The court refused to hear the appeal of Peruta v. California, in which addressed a major Second Amendment question. The case itself had to do with California’s tight regulations on carrying concealed weapons in public. Currently, California citizens must apply for a gun permit through a very strict process, that relies on the often subjective and arbritary judgement of a government official. That is, the applicant must prove they have “good cause,” for wanting a gun, and simple self-defense is not enough.

The permitting process in California is often sardonically called a, “may issue,” system. Meaning, that an owner may get a permit, they may not. Gun rights advocates protested, stating that gun owners in the state’s major cities were being denied their Constitutional rights. They should be able to carry a gun outside their home.

Gun Store

The permitting process for concealed carry often subjective. Applicants must prove they have “good cause,” for wanting a gun, and the law deems simple self-defense as not good enough.

The case first went to a San Diego court, which upheld the law. But, then the advocates groups persisted, going to the 9th Circuit Court of Appeals. The 9th Circuit heard the case in 2014. In a 2-1 decision, the court said that the Second Amendment did protect a person’s right to have a gun in public.

But, the decision was appealed, and the 9th Circuit Court had to reconsider the case in 2016. Trying to understand the Constitutional context of the right to bear arms, the court studied historical references. They found that an English law, passed in 1541, prohibited the carrying of a concealed gun in public without a license. This was the law of the land for centuries, and was likely the tradition in which the Constitutional framers wrote.

“Based on the overwhelming consensus of historical sources, we conclude that the protection of the Second Amendment — whatever the scope of that protection may be — simply does not extend to the carrying of concealed firearms in public by members of the general public,” Judge William Fletcher wrote.

The court then voted 7-4 in in favor of the law, stating that “The Second Amendment does not preserve or protect a right of a member of the general public to carry concealed firearms in public.”

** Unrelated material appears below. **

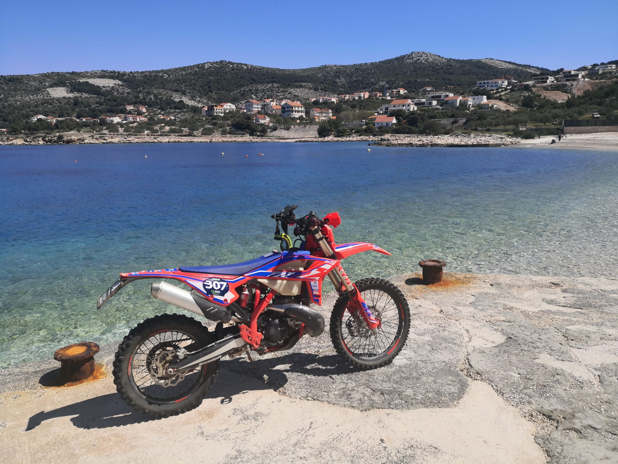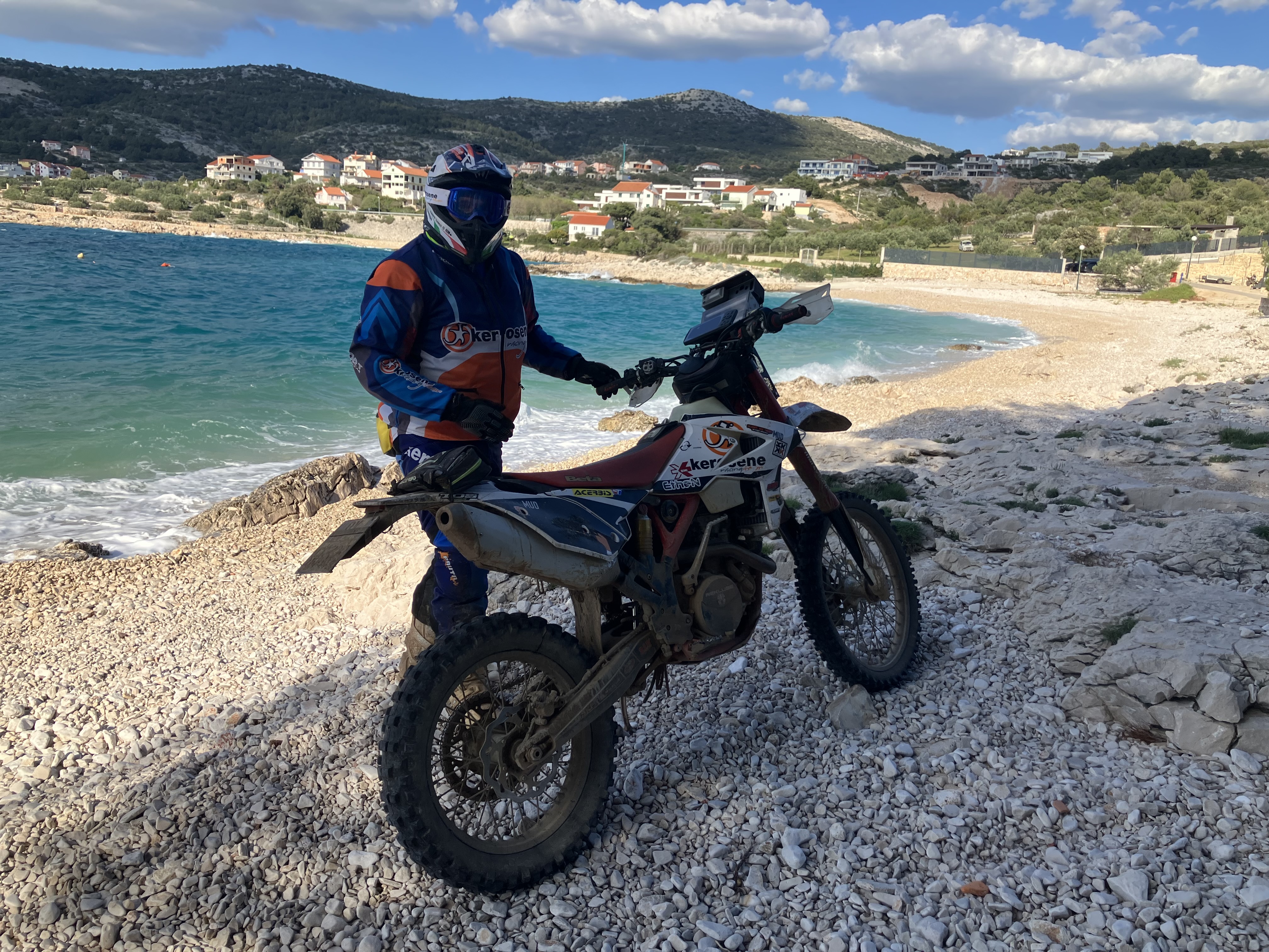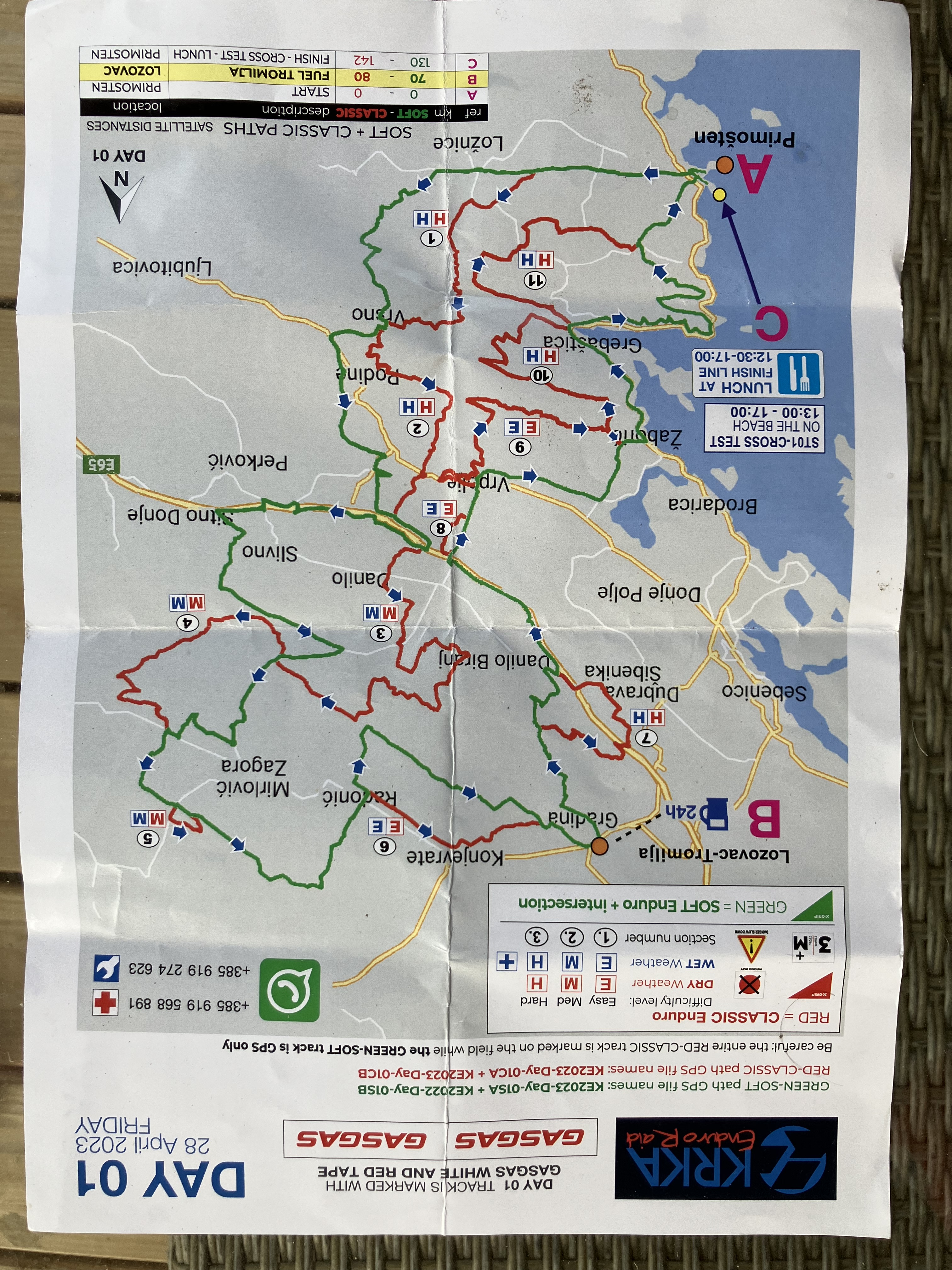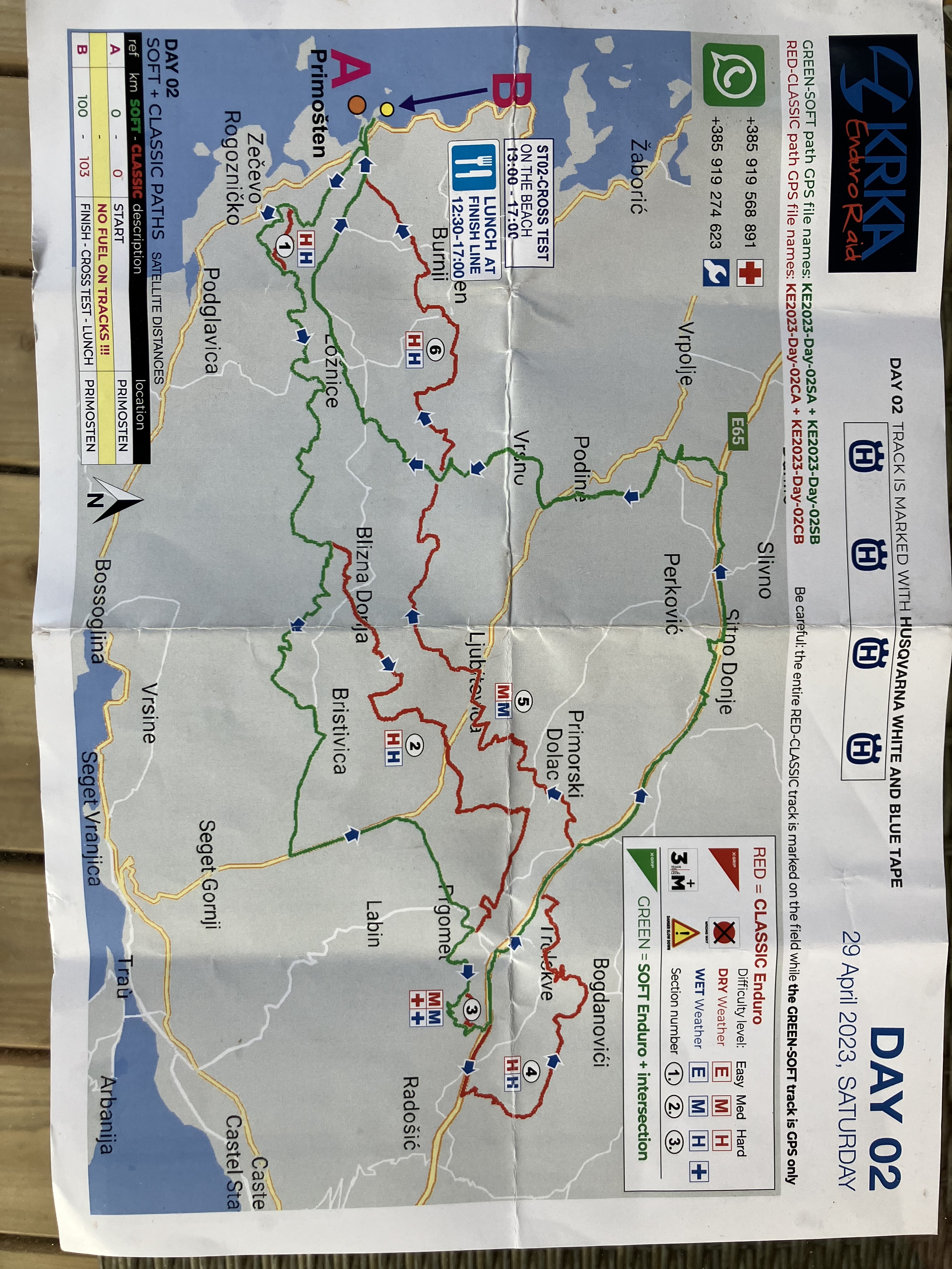 Tutti i percorsi prendono il via dalla piazza centrale di Primosten, si parte seguendo la traccia green easy con Gps per poi proseguire sulle tracce hard rosse a sua volta divise in altre 3 sotto tracce in base alle difficoltà, medium e hard. La sottotraccia H = Hard enduro nella versione più dura risulta facilitata solo dal fatto che non piove ed il terreno si presenta in ottime condizioni, rimane indispensabili una buona gomma extra soft perché le pietraie croate si possono aggredire ed avere buona scorrevolezza solo con mescola adatta all’impervio terreno.

Then the former Solicitor General Paul Clement filed an appeal with the Supreme Court to overrule the decision of the 9th Circuit Court of Appeals. But, the SCOTUS denied hearing the case. However, in a rare case of a published dissenting opinion,  Justice Clarence Thomas and Justice Neil Gorsuch wrote an interesting memorandum addressing the issue.


Supreme Court Justice Clarence Thomas penned a dissenting opinion along with newly-appointed Justice Neil Gorsuch, stating that the Second Amendment had become too disfavored in our political climate. The Constitutional Framers did not intend for gun laws to be this restricted.

They said that the court’s refusal to hear the case, “reflects a distressing trend: the treatment of the second Amendment as a disfavored right.”

Judge Thomas who spoke on behalf of both officials continued, “”We should have granted certiorari in this case. The approach taken by the en banc court is indefensible, and the petition raises important questions that this Court should address. … The en banc court’s decision to limit its review to whether the Second Amendment protects the right to concealed carry—as opposed to the more general right to public carry—was untenable. Most fundamentally, it was not justified by the terms of the complaint, which called into question the State’s regulatory scheme as a whole.”

Thomas also said that the issue of the Second Amendment is a pressing matter in today’s climate, and that politicians may be too sheltered by government provided security to see it.

“For those of us who work in marbled halls, guarded constantly by a vigilant and dedicated police force, the guarantees of the Second Amendment might seem antiquated and superfluous,” he said. “But the Framers made a clear choice: They reserved to all Americans the right to bear arms for self-defense. I do not think we should stand by idly while a State denies its citizens that right, particularly when their very lives may depend on it.”

He took exception to the idea that the Framers did not intend for the citizens to carry arms in public. “I find it extremely improbable that the Framers understood the Second Amendment to protect little more than carrying a gun from the bedroom to the kitchen,” he said.

The National Rifle Association issued a statement expressing their disappointment with the court’s refusal to hear the case.

“We are disappointed in the Court’s rejection of the appeal in Peruta v. California, which now leaves millions of law-abiding Californians with no ability to bear arms outside the home,” Chris Cox, the head of the NRA’s Institute for Legislative Action, said. “As Justices Thomas and Gorsuch correctly stated, too many courts have been treating the Second Amendment as a second-class right. That should not be allowed to stand.”

But the NRA explained that they would not be swayed though. They would continue to fight the restrictive California gun laws until they are overturned.